Одно тревожило Анну. Гога из Кузьминского приезжал молчаливый. И как-то молчком стал укладывать в баул свои вещи. Анна попыталась его остановить. Гога начал путано объяснять. Она слушала его и наливалась гневом, в ней сидело два зла: одно на сына, что выдался не в нее обличьем и на слово неохоч — скованный какой-то; другое зло на Машу — чего парня от себя отталкивает. Тешила мыслью: на худой конец, коли Маша совсем отвернется от Гоги, то времечко хотя бы выиграть: пока волынка тянется, глядишь, Гога от кузьминской разжени отстанет. Сыну сказала сдержанно:
— Подождал бы с той. Помяни мое словечко, от Мани скоро женишки отстанут, одумается она, тебе рада будет, горюшко мое.
— Ты с детства меня за руку держишь. Я не маленький! Я не хочу ждать! Я не хуже Маньки, — не говорил, а взвизгивал Гога.
— К той уходишь? — с горечью спросила Анна. — Чужого ребятенка растить?
— Может, она мне дороже Маньки. Не тебе жить!
— Гора, одумайся.
— Сватай Маньку, а то уеду к Насте.
Не время было затевать сватовство, но куда денешься, коли сыну так приспичило, видно, злыдня кузьминская вцепилась в него.

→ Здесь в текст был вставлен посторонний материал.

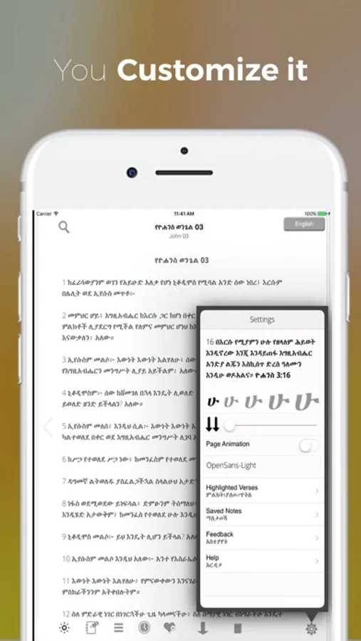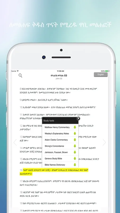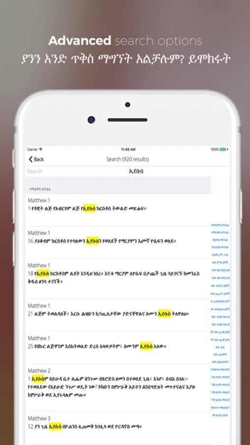 The Holy Bible in Amharic features the old Amharic Bible version or the Haile Selassie 1962 version, presented alongside the KJV English version. This powerful combination caters to the Amharic-speaking community, utilizing the capabilities of your Apple device.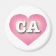 Este imán presenta un fresco corazón rosado con un centro blanco lavado que contiene las letras negrita, blanca y alta del funda CA, la abreviatura oficial de California, el estado dorado.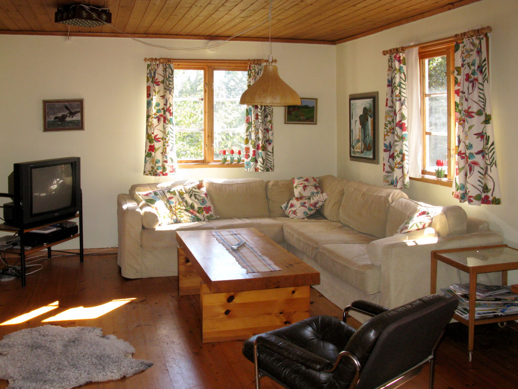 Wohnfläche 60 m². E-Herd 3 Platten, Backofen, Mikrowelle, Kühlschrank, Kaffeemaschine, Wasserkocher, Toaster, Waschmaschine. Sat-TV (deutsche Programme). Dusche/WC. Elektroheizung, Kachelofen. Holzofen in der Küche nur zur Dekoration. Ferienhaus SND 064 ca. 80 m entfernt.Hinweis: der Besitzer wünscht keine Anglergruppen.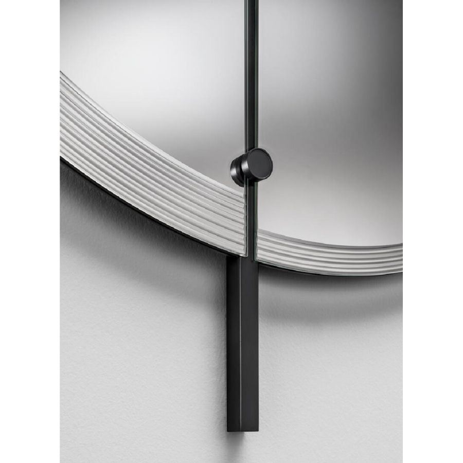 Round mirror designed by Jean-Michel Wilmotte. Square metal structure matt black gray lacquered.

Для разговора с Машей подвернулся подходящий момент. Пшонкина услали возить кирпичи на стройку, доярки пешем топали к Барскому пруду. После обеденной дойки Анна как бы между прочим сказала, что в Малиновку давно никто не приезжал опыт перенимать, наверно, к Кутяковой повадились, ишь, какие переметные сумы — Маша почин сделала, другая его выглядела, к себе людей переманила. Где справедливость? Маша молчала.
По дороге домой отбила Машу от Нинки и Дуси.
— Ты, поди, на нас сердишься: про Кутякову калякаем. Не сердись, на всех сердиться, сердечушка не хватит, да у тебя все впереди. — Остановилась. — Ногу трет, поди, портяночка подвернулась. — Села на обочину, сняла хромовый сапог. — Что стоишь-то, садись, домой всегда успеешь — не семеро по лавкам ждут, да какой дом, коли в чужих людях живешь.
— Мне везде хорошо, — скрытно ответила Маша, но села.
Анна сняла с ноги портянку, пошевелила сопревшими пальцами.
— Твоя жизнь, миленькая, только начинается, а я зависть людскую полной меркой испила. Сколь наговоров перетерпела! Иии, не вспомнить, иии, не сказать! Пусть их лютуют, пусть к Кутяковой ездят, поди, Кутякова-то ненадолго. Замужняя она, не знаешь?
— Не знаю. Что о Кутяковой да о Кутяковой? Надоело.
— Ну, не стану. Я, дорогая детонька, несказанно рада за тебя, в горушку ты идешь, умные люди присказку сложили: не богат, да славен — тот же барин. Слышала я, ты коневскому шоферишке от ворот поворот показала. На богатство его не позарилась. Правильно сделала. Кем ты у него была бы? Рабой, прислугой, воли-волюшки тебе никакой. Одно времечко ко мне присватался мужичок из чужого села, до чего приглядчивый — до сей минуточки запамятовать не могу. Не пошла. Почему? Не желал он, чтобы я своей волюшкой жила, в золоченую клеточку хотел запереть. На работу пойти не моги — на тебя мужичье глазищи будут пялить. Ну и что, пусть пялят, тебе даже лестно, не уродина какая. Работы лишиться — себя уронишь перед людьми и мужем. Без работы женщине ныне цены нету. Ты работаешь, девонька, тебе цена не то, что Юрке-шоферишке. Вот оно как.
Анна сняла второй сапог, с наслаждением вытянула перед собой босые ноги.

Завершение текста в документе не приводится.